* **Exercise description**
A word-for-word copy of the following listing is needed. Leave out its images.

* **Data extract**
*** Block opens ***
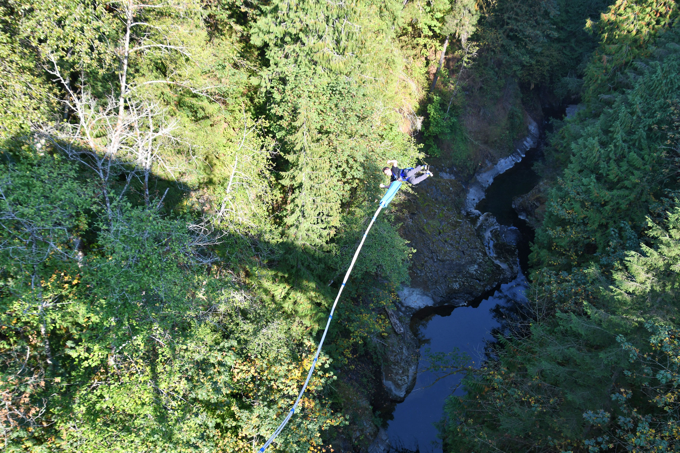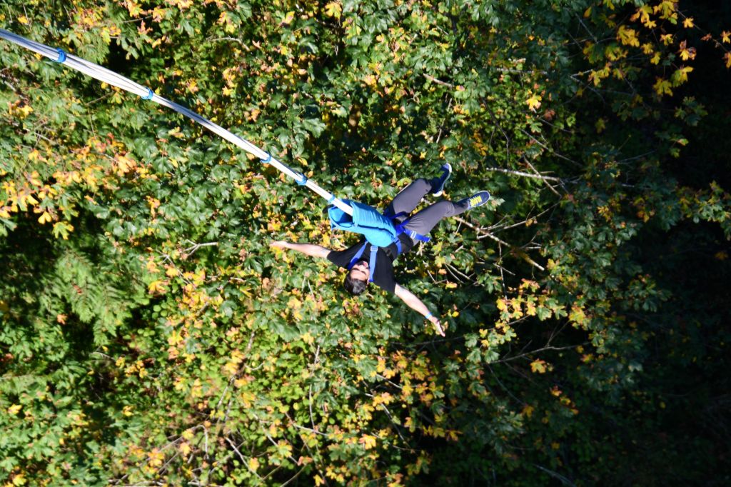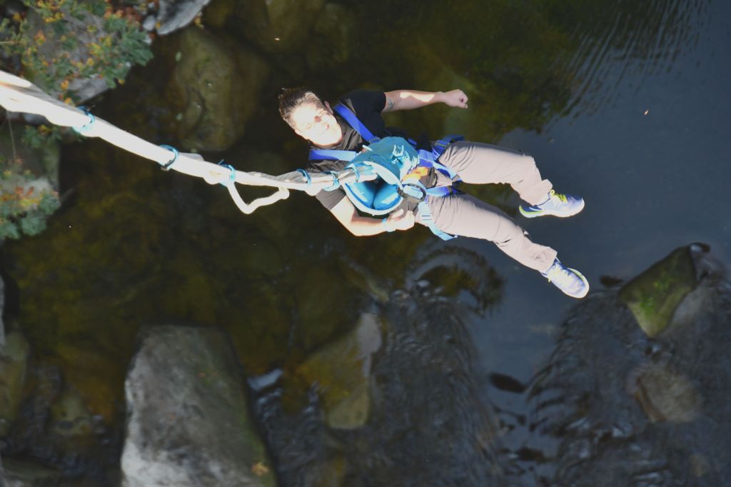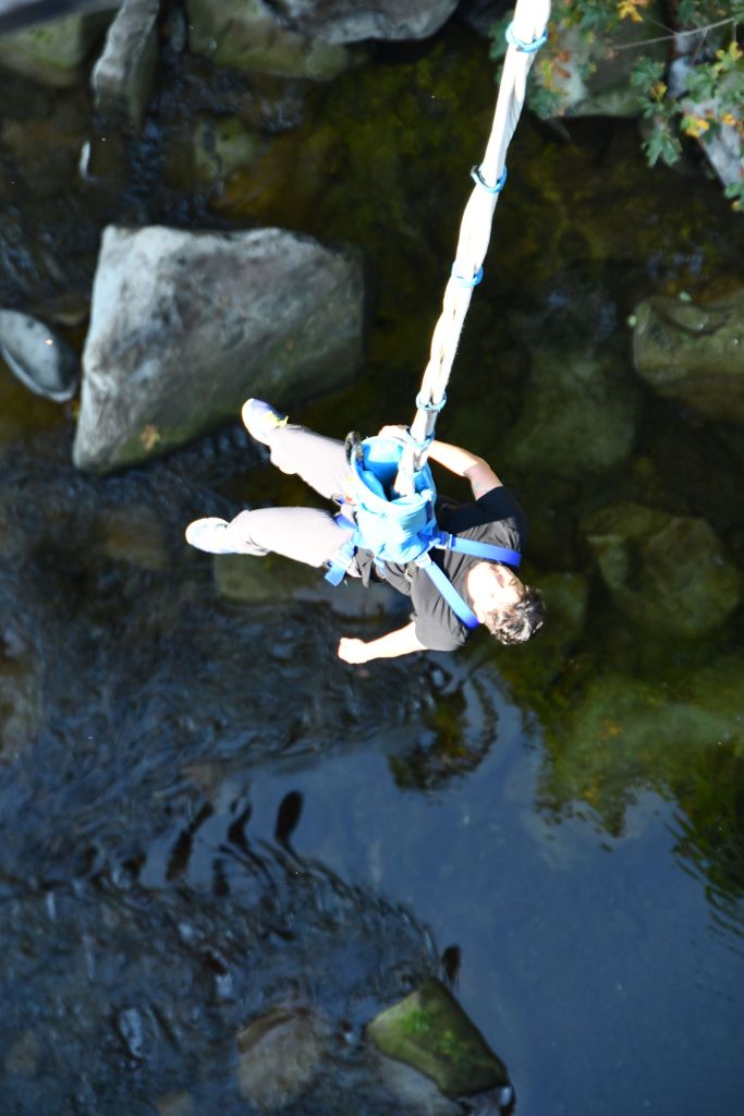 Since Pedro had jumped before, he was allowed to do a more advanced jump. The one you see above, where he ran and leapt off a ramp. The bungee cord is attached on the other side of the bridge, so when he jumped, he swung beneath the bridge, and bounced on the other side. When he leapt, I took the photos, then ran across the bridge and looked over the edge to see him appear. Just like Pooh and Piglet did with the sticks.
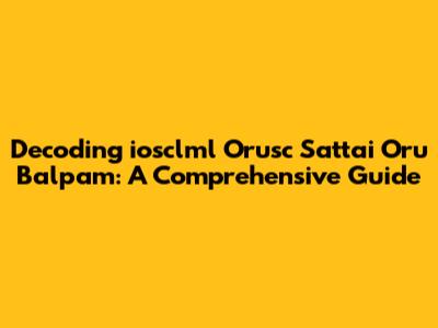 Decoding 'iosclml Orusc Sattai Oru Balpam': A Comprehensive Guide
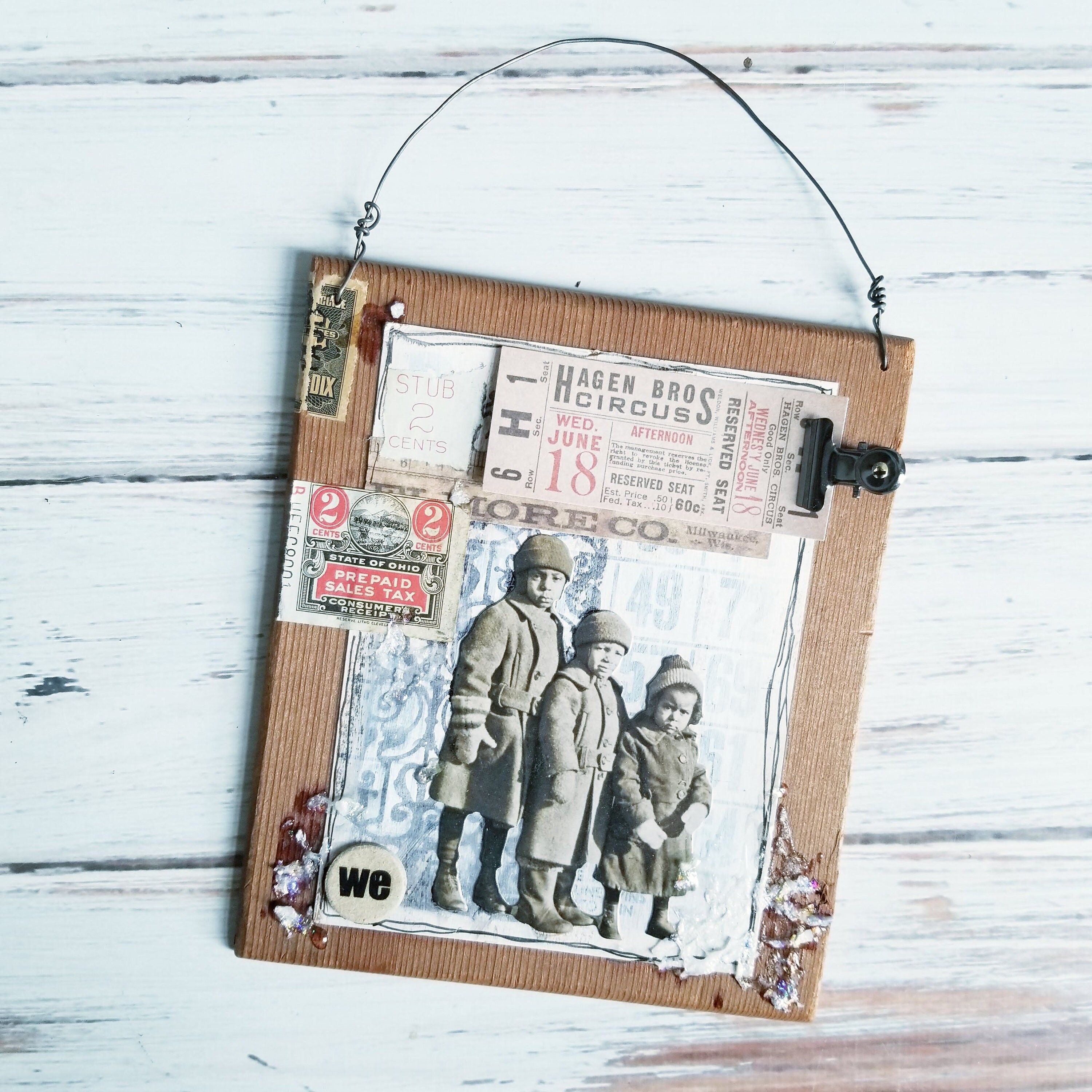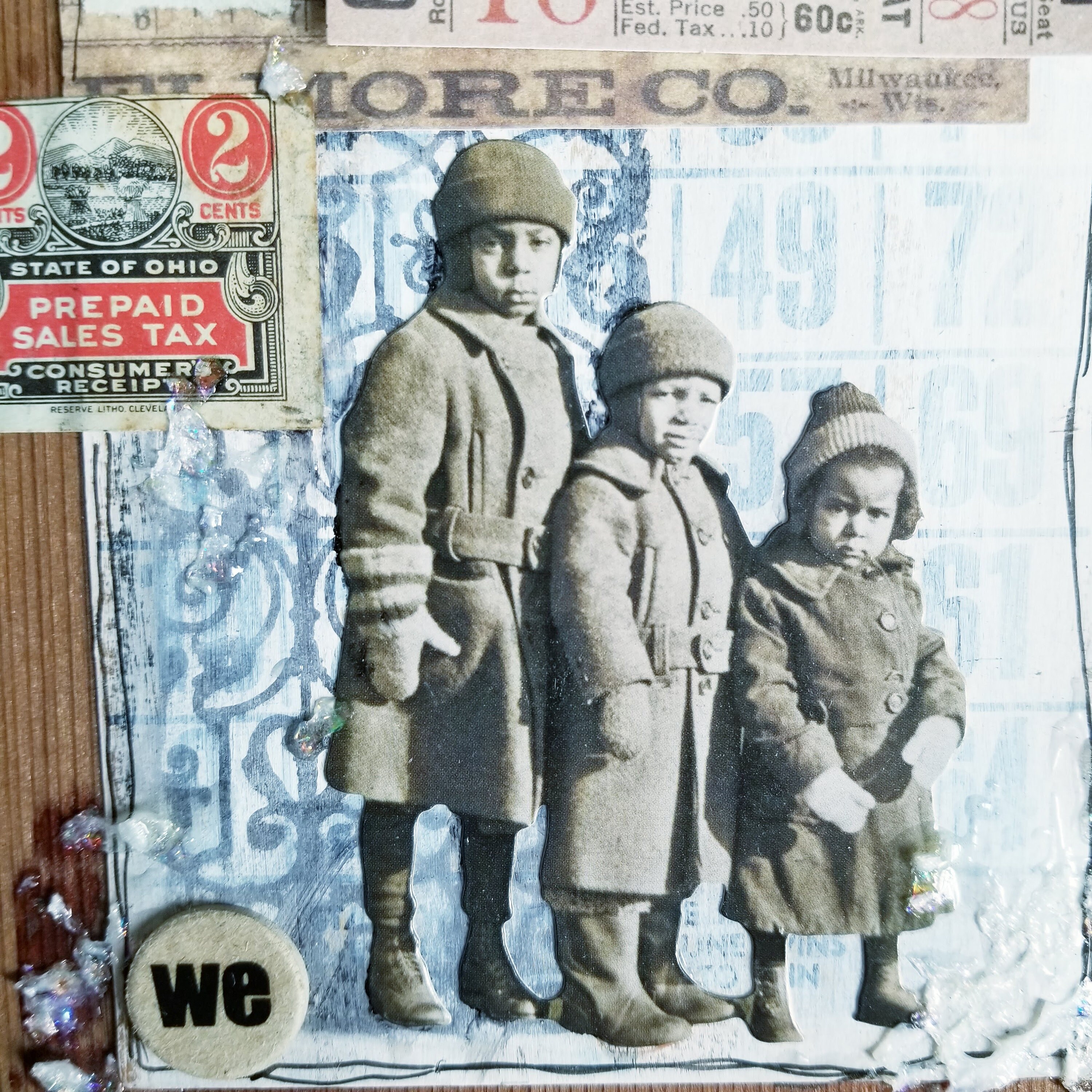 Snow Children Assemblage collage, created on a cigar box lid, repurposed with a vintage school book cover, collage of children, vintage ephemera.
*** Block closes ***
* **Completed task**
 Since Pedro had jumped before, he was allowed to do a more advanced jump. The one you see above, where he ran and leapt off a ramp. The bungee cord is attached on the other side of the bridge, so when he jumped, he swung beneath the bridge, and bounced on the other side. When he leapt, I took the photos, then ran across the bridge and looked over the edge to see him appear. Just like Pooh and Piglet did with the sticks.
 Decoding 'iosclml Orusc Sattai Oru Balpam': A Comprehensive Guide
 Snow Children Assemblage collage, created on a cigar box lid, repurposed with a vintage school book cover, collage of children, vintage ephemera.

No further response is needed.